Bank of Weifang Co., Ltd.
- Native name: 潍坊银行股份有限公司
- Type: Urban commercial bank
- Industry: Banking, Financial services
- Founded: August 1997; 29 years ago
- Headquarters: No. 5139 Shengli East Street, Kuiwen District, Weifang, Shandong, China
- Number of locations: 132 branches (2026)
- Area served: Shandong Province
- Key people: Bai Tongwen (Chairman & President)
- Products: Loans, deposits, wealth management
- Services: Corporate banking, retail banking, treasury management
- Operating income: CN¥6.45 billion (2025)
- Total assets: CN¥327.24 billion (2025)
- Owner: Weifang municipal government (state-owned controlling shareholder)
- Number of employees: 3,000+ (2025)
- Capital ratio: Tier 1 10.56% (Sep 2025)
- Website: www.bankwf.com

= Bank of Weifang =

Chinese urban commercial bank

Bank of Weifang (WFCB; 潍坊银行 (Weifang Yinhang)) is a Chinese urban commercial bank headquartered in Weifang, Shandong Province, China. Established in August 1997, it is a local joint-stock commercial bank. The bank became state-controlled following an equity restructuring in 2018.

The bank has been included in global banking rankings such as 429th in The Bankers Top 1000 World Banks list and 236th (Strength Rank) & 438th (Largest Bank Rank) in TABInsights Top 1000 World’s Strongest Banks Ranking.

== History ==
Bank of Weifang was founded in August 1997 with the approval of the People's Bank of China. It was among the early urban commercial banks established in the Shandong Peninsula.

In 2018, the bank completed an equity restructuring and became a state-controlled commercial bank with the Weifang municipal government as its controlling shareholder.

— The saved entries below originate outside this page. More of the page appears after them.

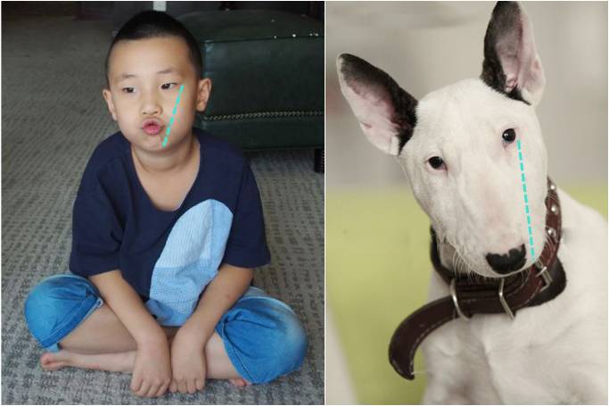 直到斗牛梗的出现,大竣和斗牛梗眼睛到下巴的距离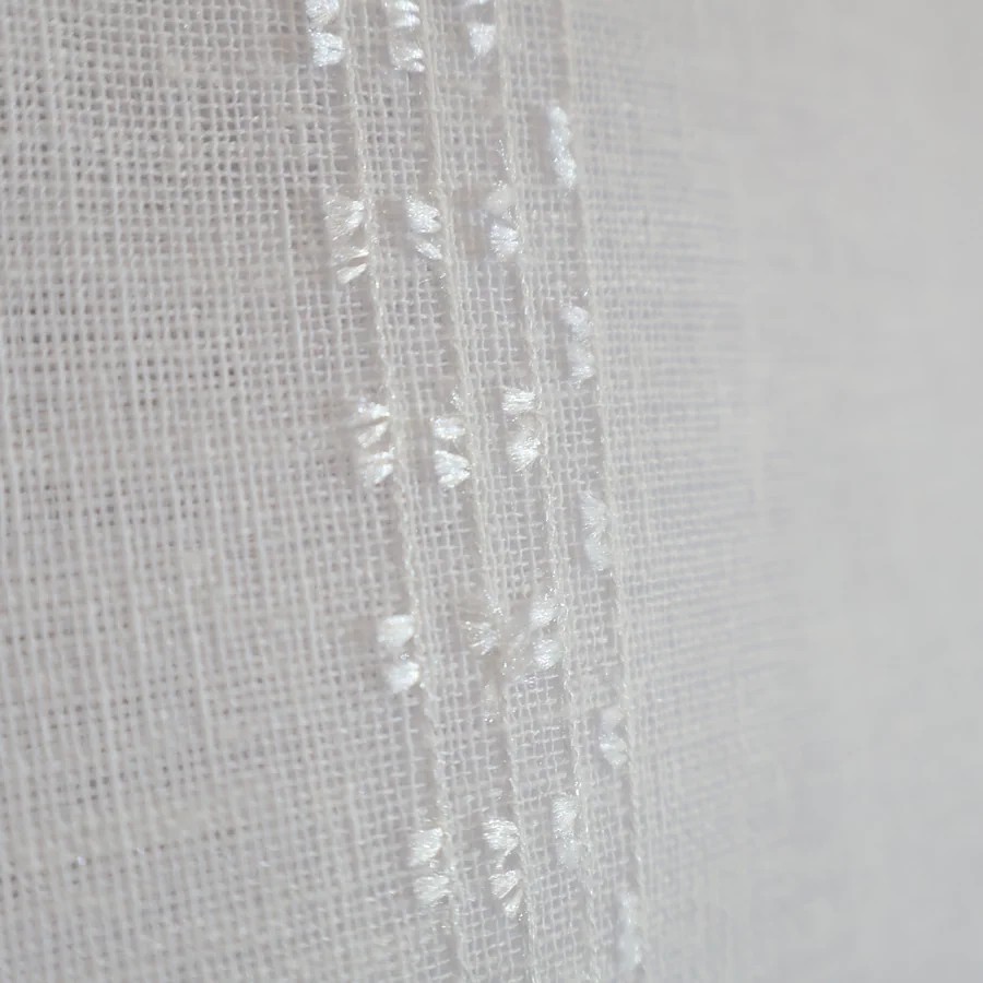 - Tkanina dekoracyjna o naturalnym wyglądzie, biała, wzór pasowy pionowy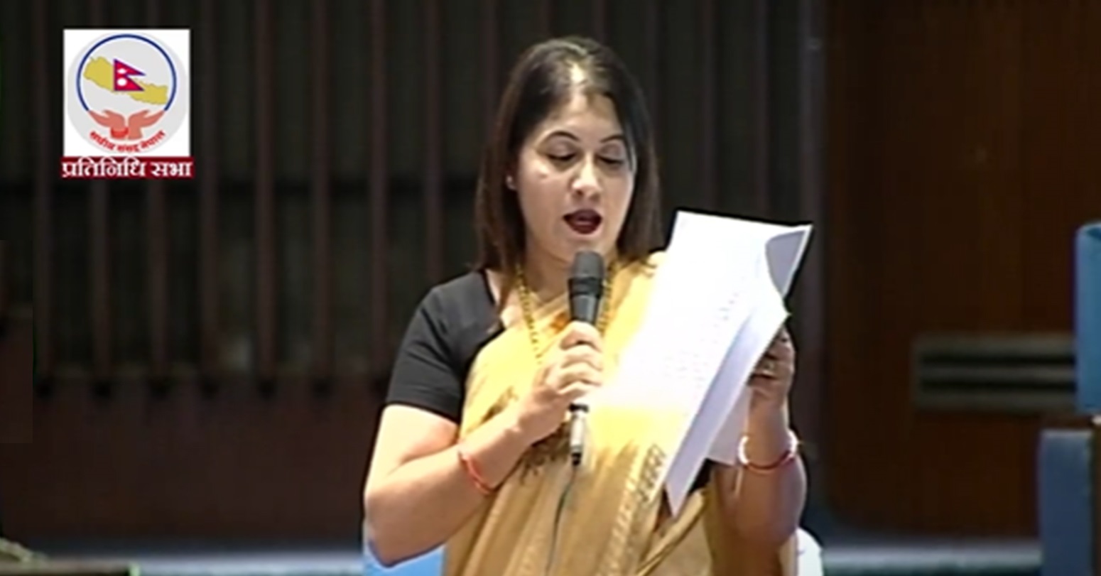 काठमाडौं। जनता समाजवादी पार्टी सांसद नरमाया(प्रज्ञा) ढकालले जेलमा रहेका नागरिक उन्मुक्ति पार्टीका अध्यक्ष रेशम चौधरीको रिहाइ माग गरेकी छन् । शुक्रबारको प्रतिनिधि सभा बैठकमा उनले जनताको भारी मतले चुनिएर पनि राजनैतिक मुद्दामा फसाइएकाले संसद्को कार्यकाल सकिन लाग्दासमेत आफ्नो आवाज राख्न नपाएको बताइन् ।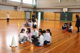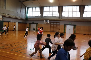 児童会の話から始まり、4・5年生の各担当が内容を説明し、ドッジボール、しっぽ取り、学校かくれんぼ、イントロクイズを楽しみました。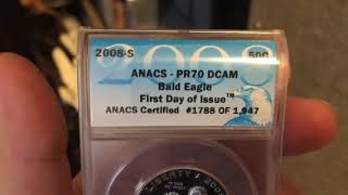 - 2008 MS70 ANACS Silver Eagle Dollar Coin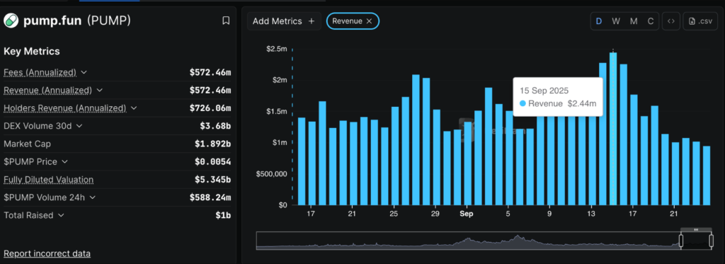 Theo số liệu từ DefiLlama, doanh thu của Pump.fun đã đạt đến 2,44 triệu USD vào ngày 15/9, ngay sau khi PUMP ghi nhận mức đỉnh lịch sử. Tuy nhiên, sau đợt tăng trưởng ngắn hạn đó, doanh thu đã giảm xuống còn khoảng 945.000 USD vào cuối tuần này. Sự điều chỉnh này phản ánh một bức tranh tồi tệ trong bối cảnh sự suy giảm chung của thị trường tiền điện tử, liên quan đến tâm lý thận trọng giữa bất ổn kinh tế tại Mỹ.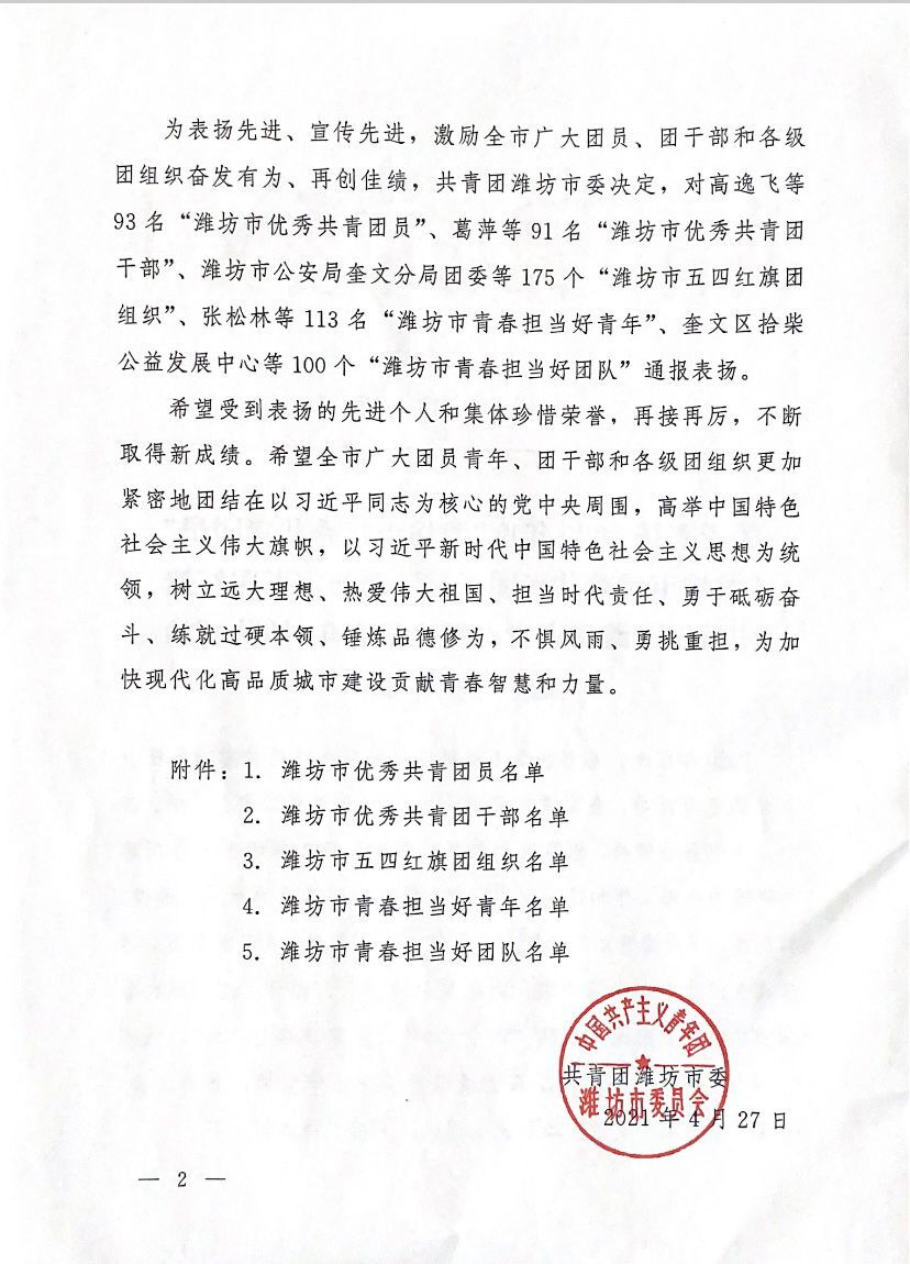 JINNIAN金年会团总支荣获“潍坊市五四红旗团组织”称号
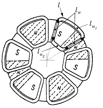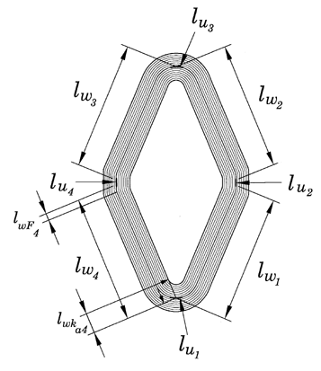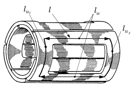 In Bild 9 ist dies für eine Wicklungsausführung einer Trommelmaschine gezeigt, die in abgewickelter Form auch für Linearanwendungen gilt. Bild 9: Trommelwicklung mit wirksamen und unwirksamen Leiteranteilen In Bild 10 ist die geringe wirksame Leiterkomponente lwk für eine Leiterschleife l der Schrägwicklung eines Glockenläufers ersichtlich.Bild 10: Schrägwicklung eines Gleichstromglockenläufermotors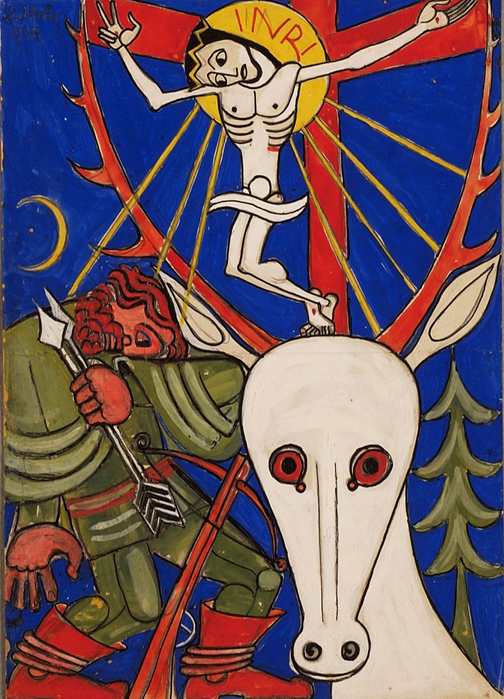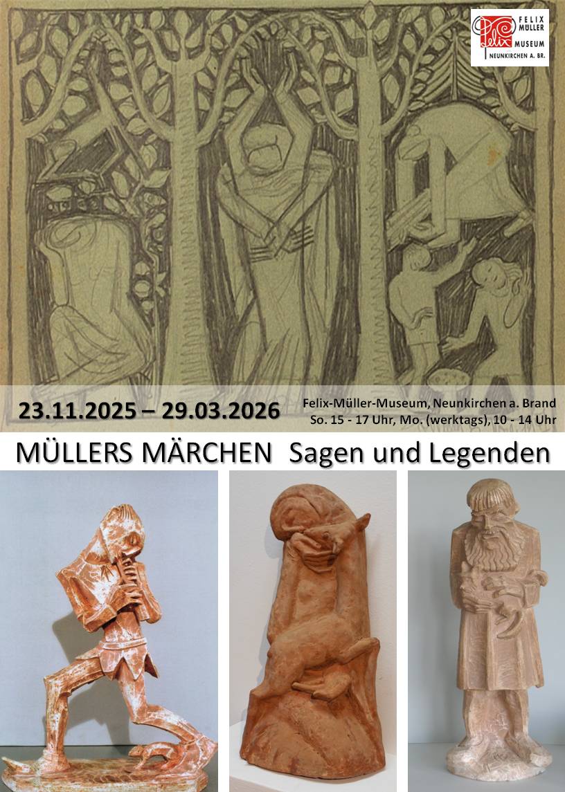 Auf das Genre der Legenden (Heiligengeschichten) schließlich verweisen u. a. zwei Leihgaben: eine anmutige Holzskulptur, welche die Hubertuslegende darstellt und das große farbige Christophorus-Relief aus dem Neunkirchener Kindergarten St. Elisabeth. Mit beiden Heiligen befasste sich Felix Müller vielfach.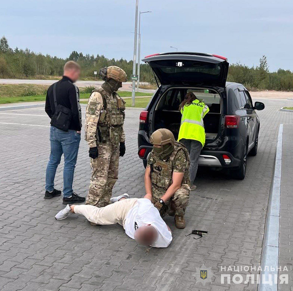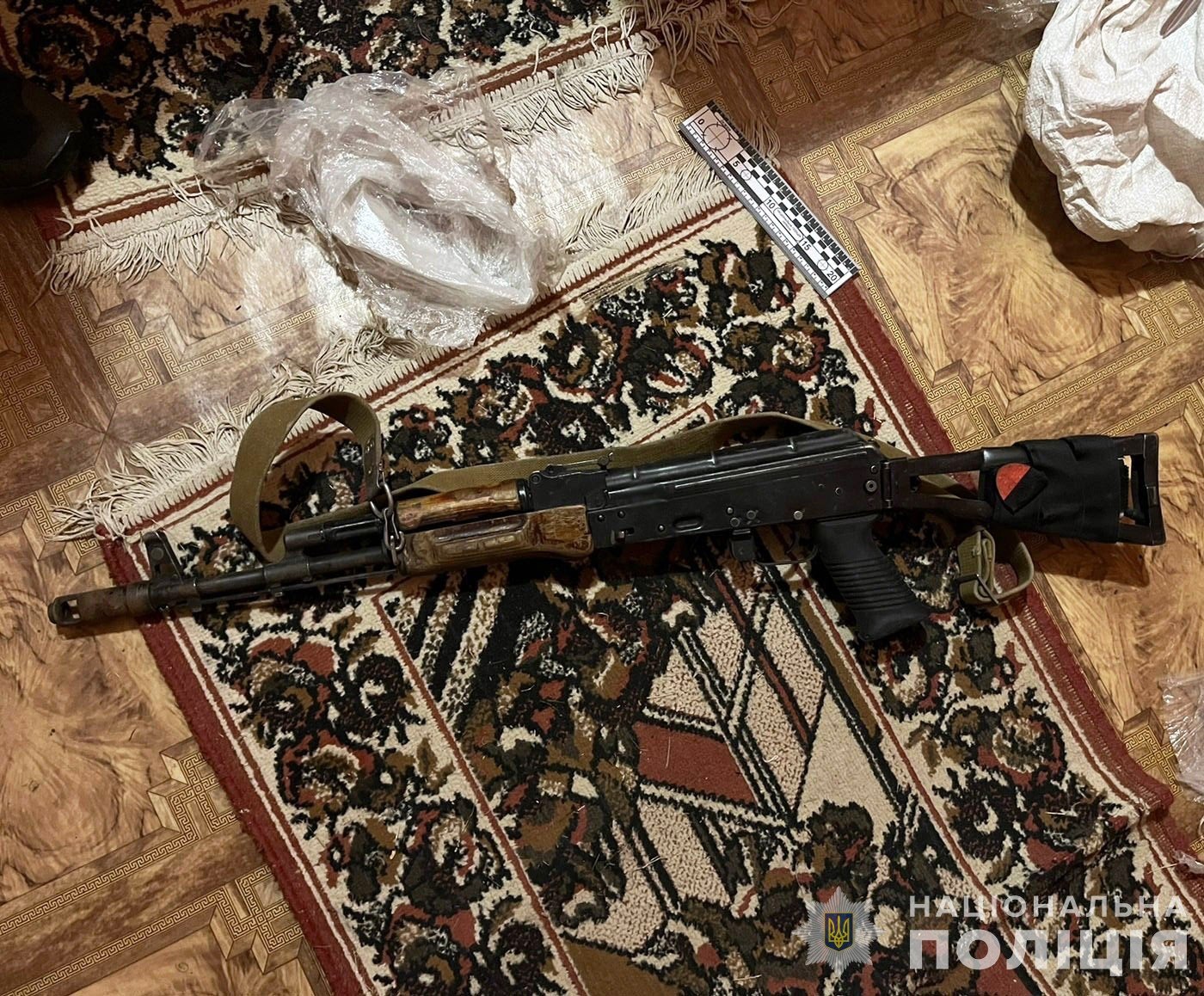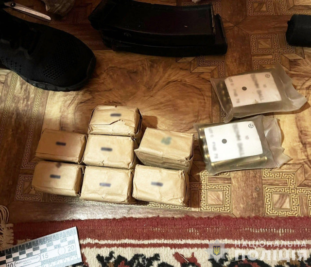 Під час обшуків в автомобілі затриманого та за місцями реєстрації спільників у Рівненській та Волинській областях поліцією вилучено мобільні телефони, банківські картки, документи, готівку. Крім того, було виявлено понад 300 набоїв різного калібру та призначення, кілька гранат, магазини та автомат АК, глушник та інші предмети, що, за попередніми даними, належать чоловікові.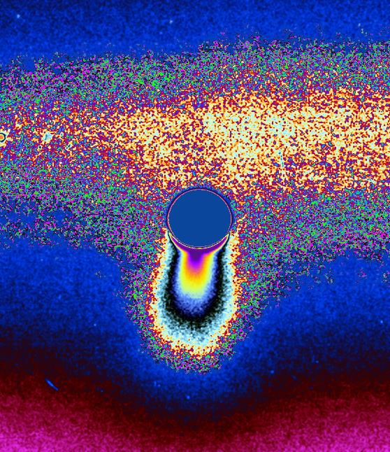 This color-coded image was processed to enhance faint signals, making the contours and extent of the fainter, larger-scale component of the plume easier to see.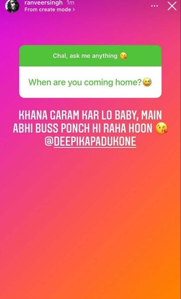 Ranveer Singh and Deepika Padukone are undeniably one of the most loved couples of the entertainment industry. While the duo often gives us major couple and relationship goals with their social media PDA, once again the beautiful couple won our hearts with their cute banter. The Takht actor kept an ‘Ask Me Anything’ session to interact with fans and we saw wifey Deepika crashing it and asked him “When are you coming home”? The actor gave an adorable yet witty reply as he wrote, “Khana Garam Kar Lo Baby, Main Abhi Buss Ponch Hi Rha Hoon.” with a kiss emoji. In the session, a fan asked Ranveer “One word for ur wifey?” To which he answered, “Queen”.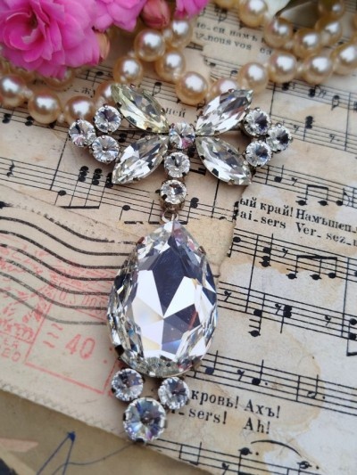Broșă vintage cristale xxl

In May 2024, Bank of Weifang's equity restructuring plan has been approved, allowing Weikong Group and Weifang Caifa Group to increase their stake to 9.67% and 11.68% respectively, while Weifang Jiaotou Group will join as a new shareholder with a 9.59% stake, increasing the bank's total share capital by 1.5 billion yuan. The bank has raised capital three times since 2021, and its assets have grown rapidly from 1,155 billion yuan in 2017 to 2,685 billion yuan in 2023, reaching 2,777 billion yuan by March 2024, alongside steady increases in deposits, loans, and profits.

== Corporate structure ==

=== Shareholding ===
Following its 2018 restructuring, the Weifang municipal government became the largest shareholder.

=== Subsidiaries ===
- Qingdao West Coast Haihui Rural Bank (青岛西海岸海汇村镇银行)

== Operations ==

=== Branch network ===
As of 2025, the bank employed more than 3,000 staff and operated 132 outlets.
- Headquarters in Weifang
- One branch in Qingdao with sub-branches
- Branches in Liaocheng, Binzhou, Yantai, and Linyi

=== Target customers ===
The bank primarily serves small and medium-sized enterprises (SMEs), retail customers, and the local economy.

===Financial Markets===
Bank of Weifang is a top 10 Chinese commercial banks in terms of bond trading volume for 3 consecutive years since 2023 according to Shanghai Stock Exchange.

== Financial data ==

=== Asset scale ===
As of June 2025, the bank reported total assets of RMB 327.24 billion and outstanding loans of close to RMB 40 billion.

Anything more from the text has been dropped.